The program, parts of which were classified until now, has dispatched thousands of NSA experts into war zones since 9/11. It has put those experts – from an agency most-known for its controversial surveillance programs – at grave risk across multiple theatres. But in the process, officials say, RT-RG has saved the lives of fellow Americans. 

Col. Bob Harms, one of the first people on the ground for the NSA at Baghdad’s Camp Victory, said the goal was to “get in front of our adversaries.” 

Exclusive images shared with Fox News from Camp Victory show the basic set-up, which took traditional streams of intelligence and married it up with information gathered from raids – for instance, taking satellite images and combining that with on-the-ground information about an insurgent’s movements and contacts, to pinpoint threats. 

Some of the most useful information came from captured operatives – information known in the intel world as "pocket litter.” Harms said this included “pattern of life” details including “when do they go to sleep, where do they go to sleep, where do they work and those types of things.“ 

The NSA’s goal was to compress the timeline for crunching all this information from a period of weeks or days, to just hours or minutes. Think of it like a phone app – but instead of giving directions, it’s flagging threats. 

”[Battlefield commanders] would actually feed us information … so that we could give them a roadmap to the next site,” Harms explained. 

Ledgett said the program harnessed big data, in a way that it could be used immediately on the battlefield. Ledgett said RT-RG “integrated hundreds of pieces of information,” and then software was developed to draw connections that could “put things on graphical displays” so it was easy for analysts and operators to understand. 

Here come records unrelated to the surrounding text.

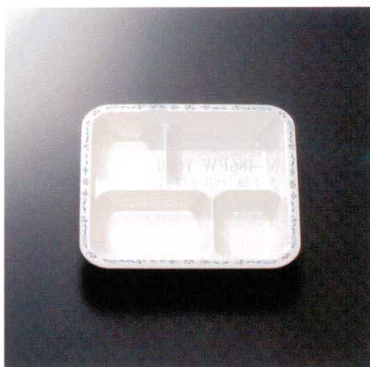
M-118MIZ 7.5寸旬彩弁当中子(瑞穂) 212×212×35 メラミン ¥2,180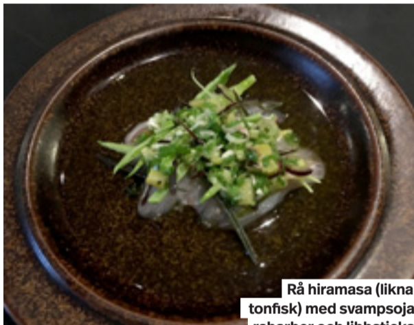
Rå hiramasa (liknar tonfisk) med svampsoja, rabarber och libbsticka.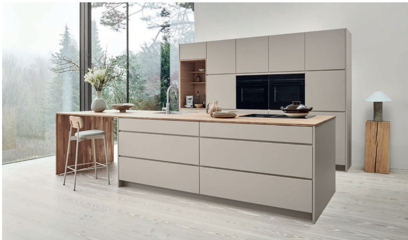
▲ “Arizona Beig” de KVIK. https://www.kvik.es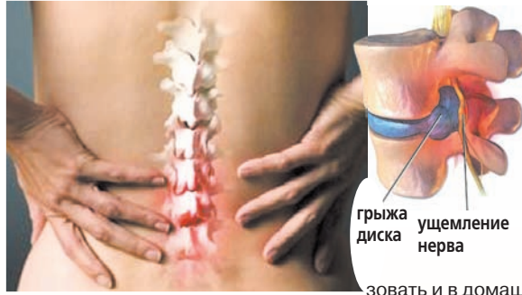
грыжа диска ущемление нерва

Если у человека с хронической болью в спине развивается депрессия, то формируется порочный круг. В мозге уменьшается выработка гормона серотонина, который обладает обезболивающим действием. Восприятие боли усиливается. Чтобы не допустить такого состояния, нужно вовремя начать лечение остеохондроза.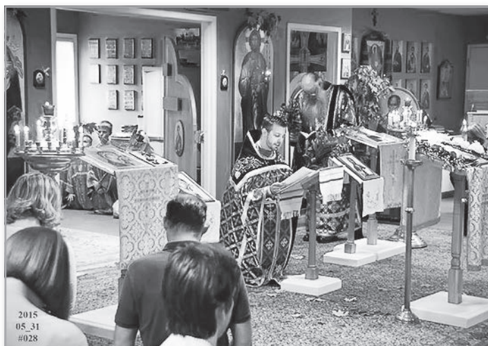
Приход Святых апостолов в настоящее время. Служба Пятидесятницы

В последнее время не получалось, но раньше я посещал Колледж Мессии (Messiah College) 1 довольно часто, чтобы представить свидетельство о Православии, и совершал богослужения в кампусе. Когда я пришел впервые, они пожелали, чтобы я служил литургию, но в течение 45 минут и чтобы не было других православных христиан. Я сказал, что так нельзя, но мы могли бы послужить другие службы. Мы служили вечернюю, утреннюю или молебен несколько раз, чтобы они получили начальное представление о Православии, а потом проводили беседы.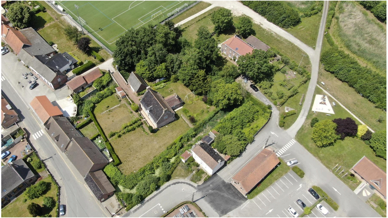
Vue aérienne du presbytère, au second plan, en haut de la photo.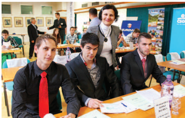
2014 - Zúčastnení študenti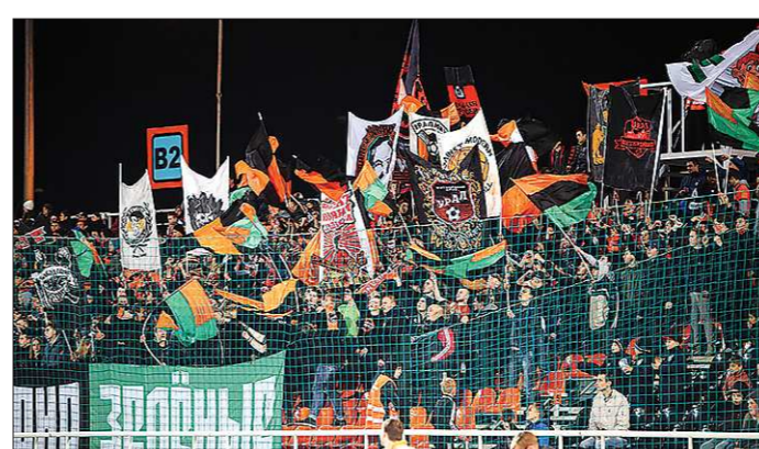
Продажа билетов на спортивные соревнования не должна стать помехой для законопослушных болельщиков

Но по большому счёту, дело это хоть и хлопотное, но нужное. Другими способами ввести насилие на стадионах не получится. Делать это вообще надо было бы намного раньше, но сейчас поведение некоторых наших болельщиков во Франции и неотвратимо приходящий чемпионат мира по футболу 2018 года стали катализатором процесса. Теоретически нововведения могут коснуться абсолютной всех спортивных соревнований, собирающих большую аудиторию. Конкретный перечень в ближайшем времени должно определить правительство Российской Федерации. Среди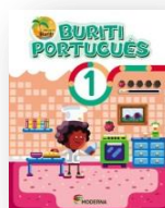
BURITI PORTUGUÊS 1 Projeto Buriti Editora Moderna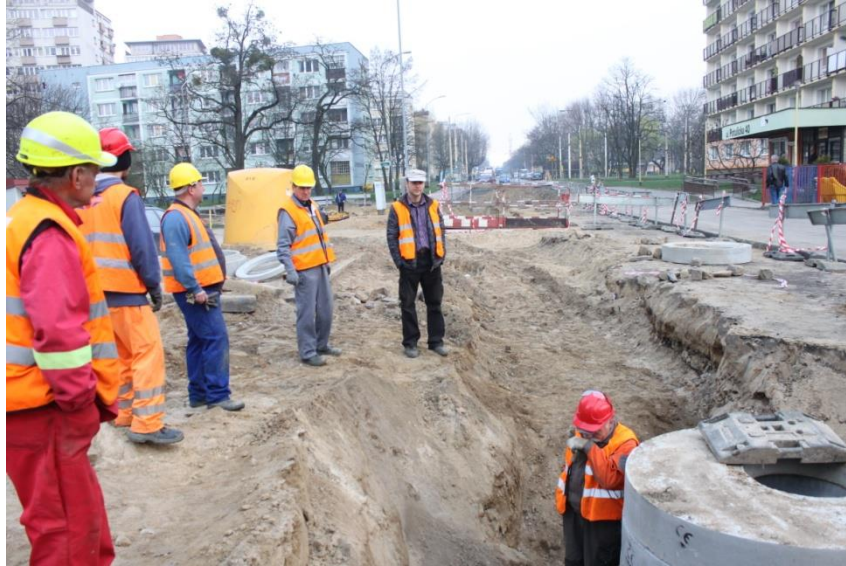
skrzyżowanie ul. Piekary z ul. Potulicką – wykonane prace ziemne

Umowa o dofinansowanie nr: UDA-RPZP.02.01.03-32-001/13-00 z dnia 26. 09.2013 roku.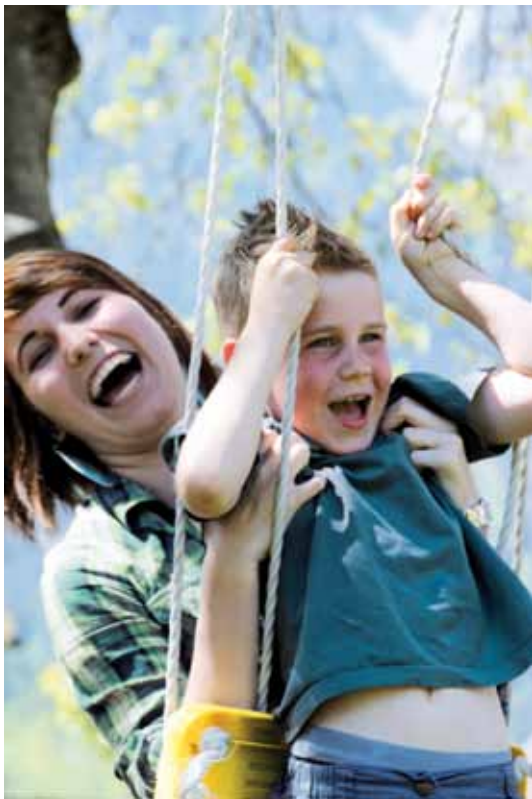
Frau Holle: Stundenweise Kinderbetreuung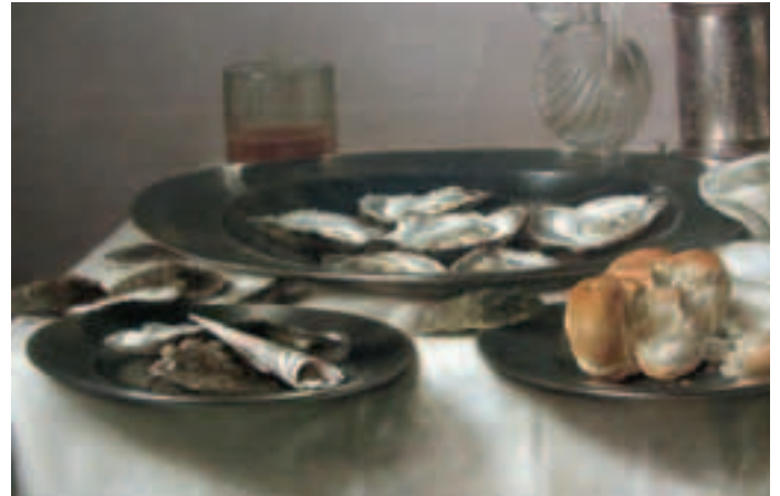
Willem Claesz. Heda (1593-1680) - Détail de la nature morte avec gobelet doré - Rijksmuseum Amsterdam Source sur Plurielles.fr : Repas de Noël : tour du monde des plats les plus traditionnels

Et en France! Les huîtres, les boudins, le foie gras, les chapons et autres volailles précèdent la bûche de Noël!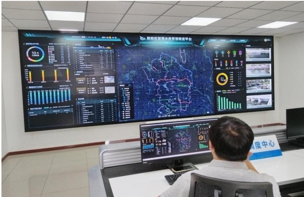
图 6 水系连通智慧调度系统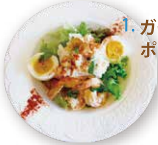
1. ガーリックシュリンプ ポテトサラダ

“It might connect something like a phone number to a location, to an activity and display that to an analyst who could then, via radio, contact a convoy and say, ‘Hey looks like there’s an ambush waiting for you at this point – go left or go right or take an alternate route,’” he said. 

Asked about collateral damage – the accidental killing of civilians – Ledgett said the program reduced those numbers because targeting data was drawn from multiple sources. No further specifics were offered. 

Retired Gen. Jack Keane, a Fox News military analyst, said the program “gave a tool to brigade commanders, who were spread out all over the battlefield, something that they never had before.” 

It also took NSA experts out of the office and placed them in the field, to work side-by-side with special operations. 

"We needed to be coffee-breath close in order to have that shared situational understanding,“ Harms said. 

The program extended from Iraq to Afghanistan, and then other conflict zones that the NSA will not publicly identify. The statistics, declassified for this report, are sobering. 

"Since 2001, we’ve deployed 5,000 NSA people to Iraq and 8,000 to Afghanistan – and in total, 18,000 to hostile areas around the world," Ledgett said. "When the operational community embraces you that way and says ‘I want you on my team and I want you there with me’ … that’s a pretty significant statement of value.” 

The deployments came with risk. Since 9/11, 24 names have been added to the NSA’s memorial wall, which pays tribute to fallen employees. Among them is NSA technical expert Christian Pike, who was killed in Afghanistan in 2013 working with the Navy SEALs. 

“I’m sorry, I get a little emotional about this one,” Ledgett said, taking a pause during the interview as he described a cabinet in his office with memorial cards for James T. Davis, one of the first Americans killed in Vietnam; NSA’s Amanda Pinson, killed by an IED in Iraq while providing signals intelligence support; and Christian Pike. Pike was also a family friend. 

This Saturday is Armed Forces Day – and what was a ground-breaking NSA program a decade ago is now widely used by the war fighter. 

Ledgett said one of the commanding generals in Iraq during the surge credited the NSA with helping take over 4,000 insurgents off the battlefield. 

“There was an intense effort here … How do we drive those losses down?” Ledgett said. “Our job was to get the information to the people who needed it.”